Unveiling bioanalytical datasets for the successful development of ADCs

[00:09] Emma Hall: Hello, and welcome to our podcast episode exploring bioanalytical datasets for the successful development of ADCs, sponsored by QPS. I’m your host, Emma Hall, and today I’m joined by Daniel Schulz-Jander, a Senior Director of Bioanalysis Mass Spectrometry at QPS Netherlands, where his team supports small and large molecule bioanalysis with LC–MS, as well as ICP–MS. Thank you very much for joining us, Daniel.

[00:39] Emma Hall: To kick us off, please could you introduce yourself and your role? 

[00:43] Daniel Schulz-Jander: Yes. Thank you so much for giving me the opportunity to share my experiences and what we do at QPS. I’ve been with QPS about 3 years, leading teams that support, as you mentioned, bioanalysis for small and large molecules. What does that mean? We do rapid development, we do validations and then we do sample analysis for bodily fluids, as well as tissues for pre-clinical studies, and provide support for the development of, in this case, antibody drug conjugates (ADCs). But any large molecule or small molecule, we [also] analyze. We also do elemental analysis where we utilize ICP–MS.

[01:30] Emma Hall: In your World ADC London talk, you discussed unveiling the diverse and complex bioanalytical dataset needs for the successful development of ADCs. Could you explain a little bit more about what this involves?

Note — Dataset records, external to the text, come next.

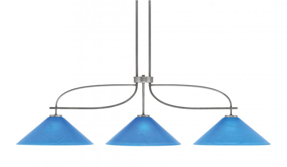 Toltec Lighting 2936-GPDW-415 Monterey 3 Light Bar, Graphite & Painted Distressed Wood-Look Metal Finish, 16 Blue Italian Glass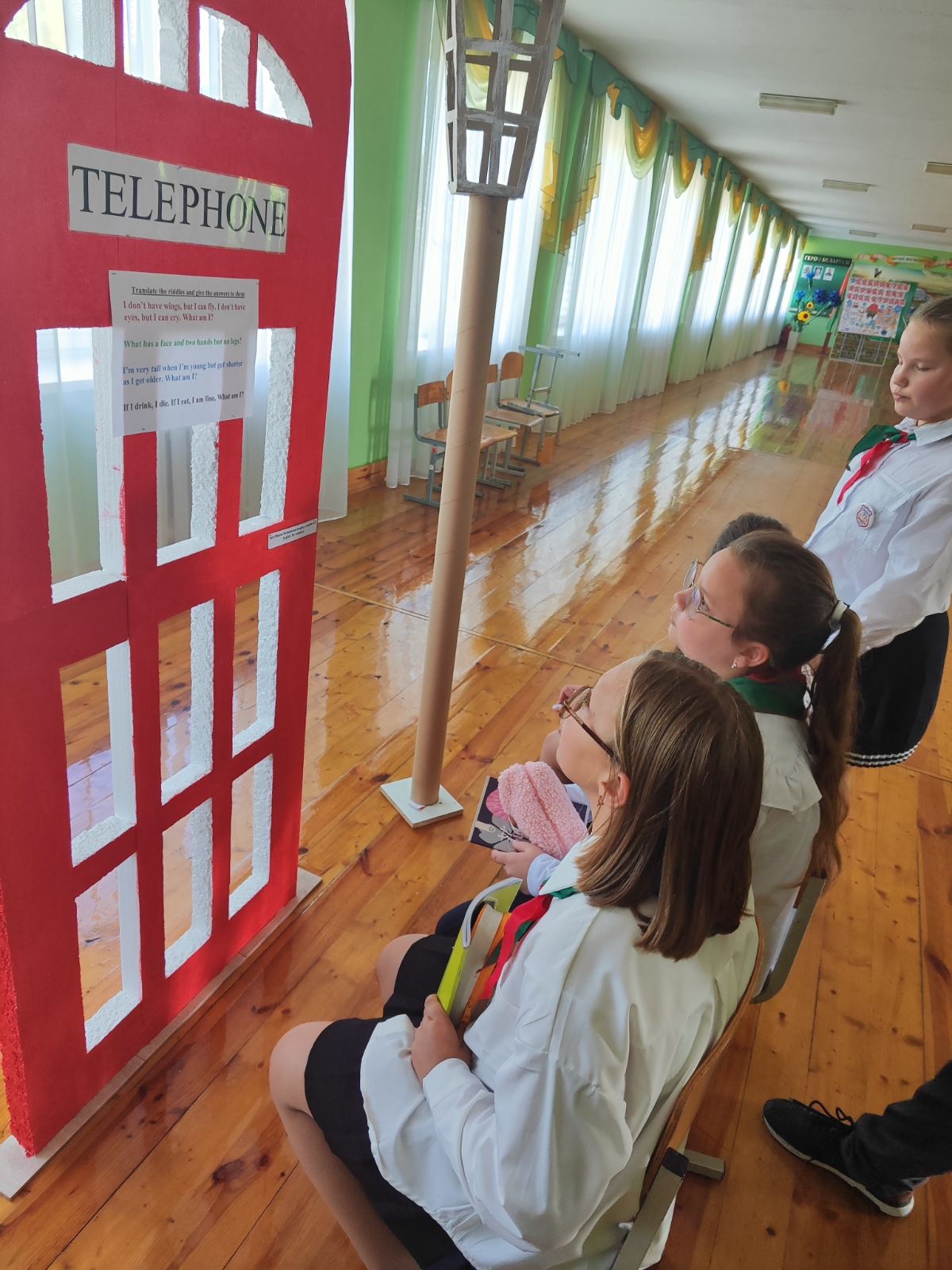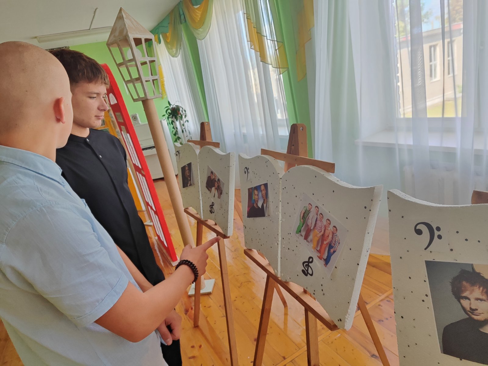 В холле школы была организована выставка фотографий известных американских, британских и белорусских исполнителей. Учащимся предлагалось отгадать, кто изображен на фотографиях.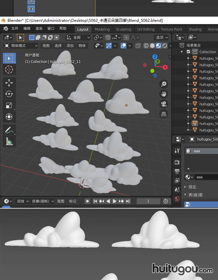 卡通Q版云朵第六季C4D晴天云儿模型资产包Blender FBX OBJ mb素材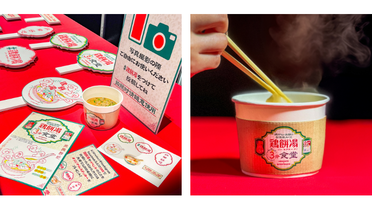 「サトウの切り餅シングルパックミニ」と「丸鶏がらスープ™」を用いた、台湾×タイパをテーマとして、レンチンするだけで“3分以内で完成”する台湾風餅入りスープ「鶏餅湯」を開発。試食イベント「鶏餅湯 3分食堂」を実施しました。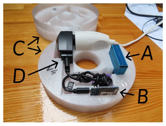 Particulate matter sensor PMS7003 (A) and microcontroller ESP8266 (B) with power supply (D) in case (C).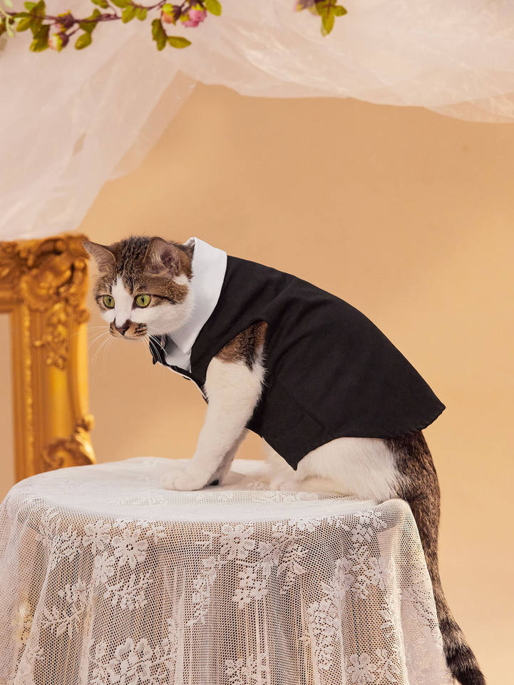 Classic Pet Tuxedo for Dogs & Cats - Wedding Suit with Bowtie & Vest, Summer Black Formal Blazer Button Closure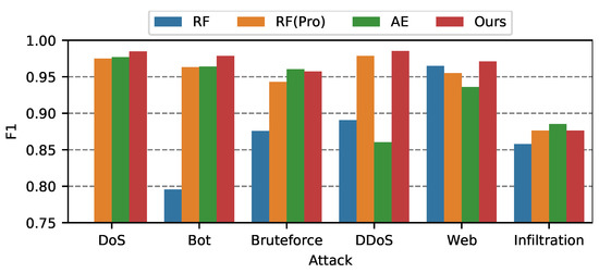 After analyzing the average detection performance on different attacks, it is reasonable to investigate the performance of various classifiers when dealing with different unknown attacks. For simplification, we report the methods related to RF and AE for the IDS2018 dataset. We plot the F1 and FPR only in Figure 8 and Figure 9, with the consideration that F1 is the harmonic mean of recall and precision. Additionally, the FPR can prove the improvement of our method.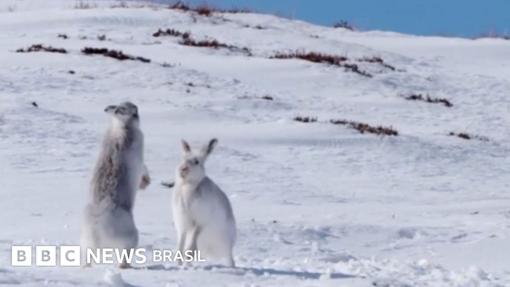 Lebres-da-montanha fêmeas lutam 'boxe' para afastar investidas de machos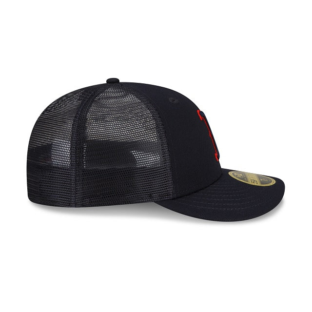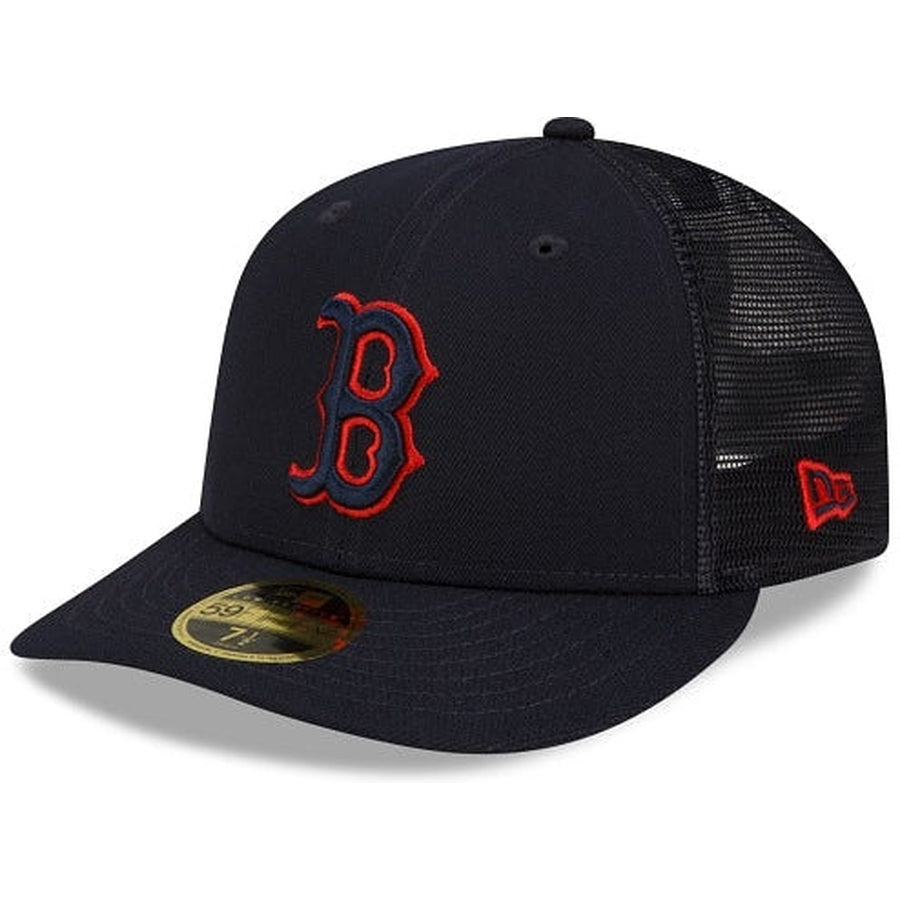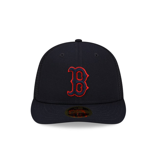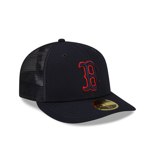 The Boston Red Sox 2023 Batting Practice Low Profile 59FIFTY Fitted Cap features an embroidered Red Sox logo at the front panels with a matching MLB Batterman logo at the rear and a gray undervisor.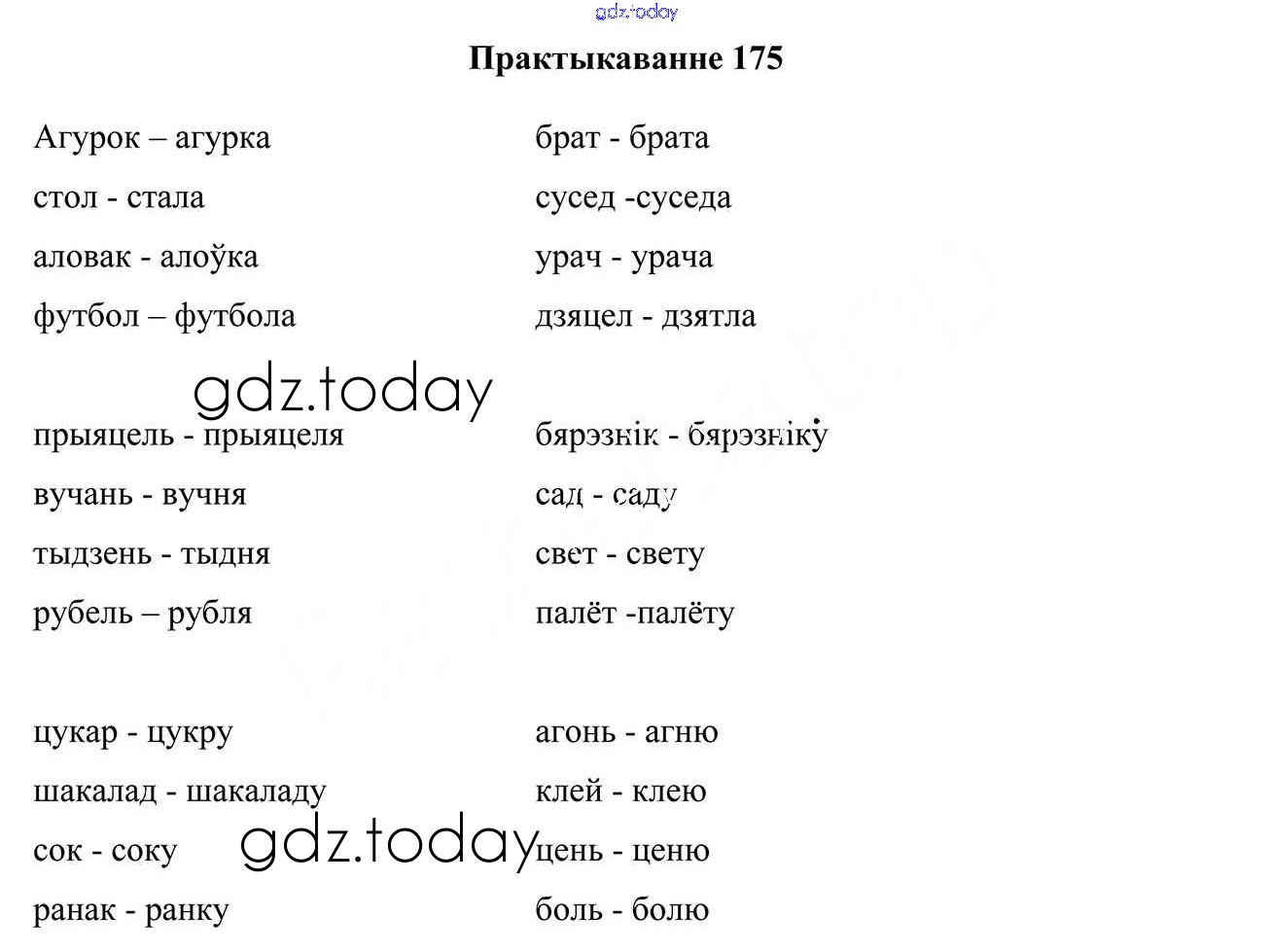 На страницах сайта gdz.today вы найдете учебный и вспомогательный материал, направленный на улучшения знаний школьной программы. ГДЗ - онлайн мир знаний Рашальнік да часткі 1. Практыкаванні 175 Учебнику по Белорусскому языку для 4 класса Свірыдзенка Национальный институт образования 2018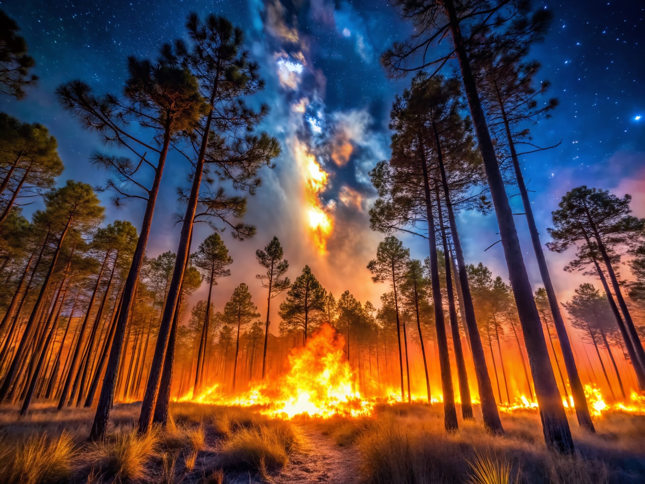 Controlled Burn Night Photography in Longleaf Pine Forest, Sandhills NC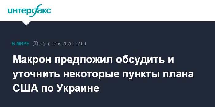 Москва. 25 ноября. INTERFAX.RU - Некоторые аспекты аспектов предложенного Вашингтоном мирного плана по урегулированию на Украине требуют изменений, заявил радио RTL президент Франции Эммануэль Макрон.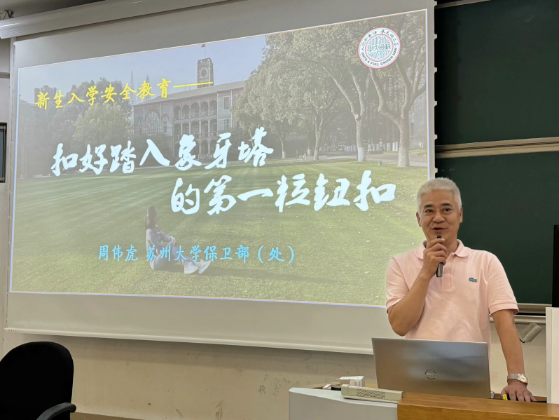 周伟虎通过分析近年来校园内外发生的各类安全案例,让新生们直面现实,认识到安全问题的严峻性和复杂性。他强调,现实案例屡屡敲响警钟,安全无小事,防范需先行,大学校园具有开放性和多元性,新生们在这里不仅要面对学习上的挑战,更要学会如何在复杂的环境中保护自己,提高自我保护能力,要从自身做起,从小事做起,将安全意识融入到日常生活的每一个细节中。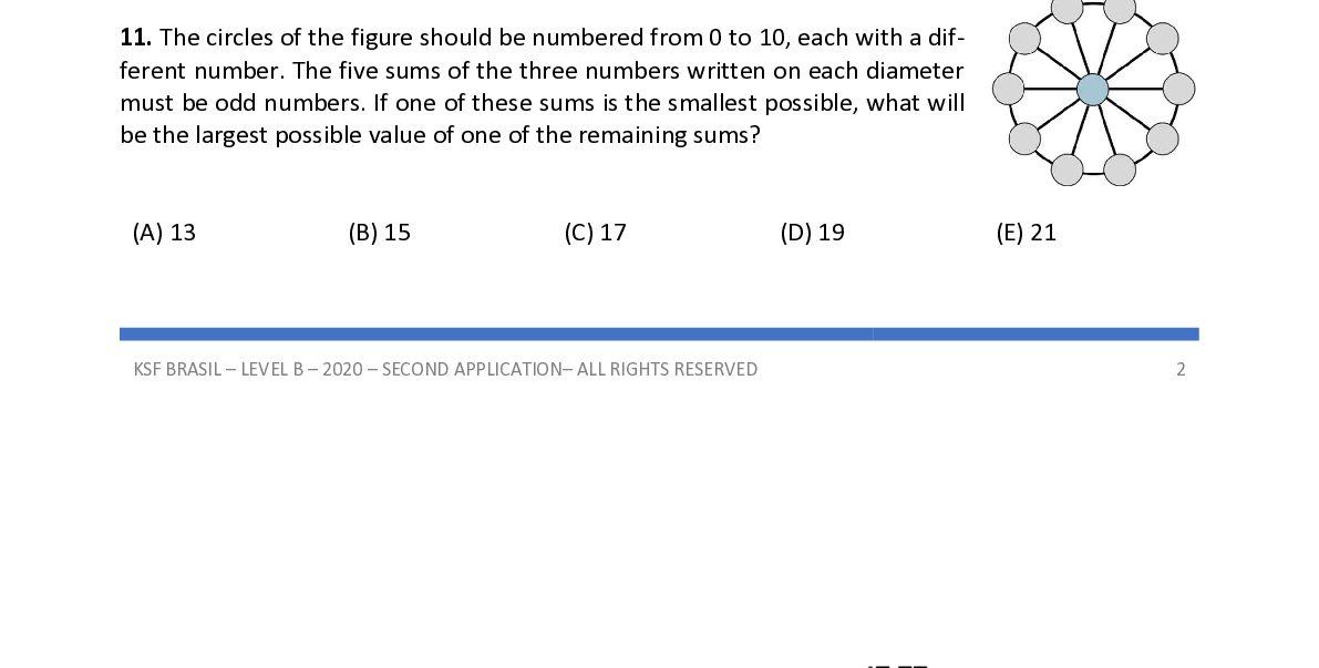 Q11. The circles of the figure should be numbered from 0 to 10, each with a dif- ferent number. The five sums of the three numbers written on each diameter must be odd numbers. If one of these sums is the smallest possible, what will be the largest possible value of one of the remaining sums?

[01:42] Daniel Schulz-Jander: Sure. So, ADCs are complex, and complex is a kind of undefined word of mystery. But in classical bioanalysis, we would analyze a small molecule, and determine the concentration and concentration time profile, and that will be the end of it. However, for ADCs, we are in a much more complex setup where we have a drug, [which] is called the payload in an ADC case, and then we have an antibody that targets the specific cells that are in need [of] being treated, so to speak. In this case, killed.

To induce apoptosis, the payload is attached to the ADC. This construct then has many parameters that can be determined to characterize this particular medicine. We typically determine the total antibody, where we look at the amount of antibodies that are floating in the bodily fluids. Then, we look at a slightly different parameter, which is called total ADC, so total ADC. So that is slightly different. That requires that the antibody still has the payload attached to it. We do that very specifically with our assets, and we’ll get into that a little later.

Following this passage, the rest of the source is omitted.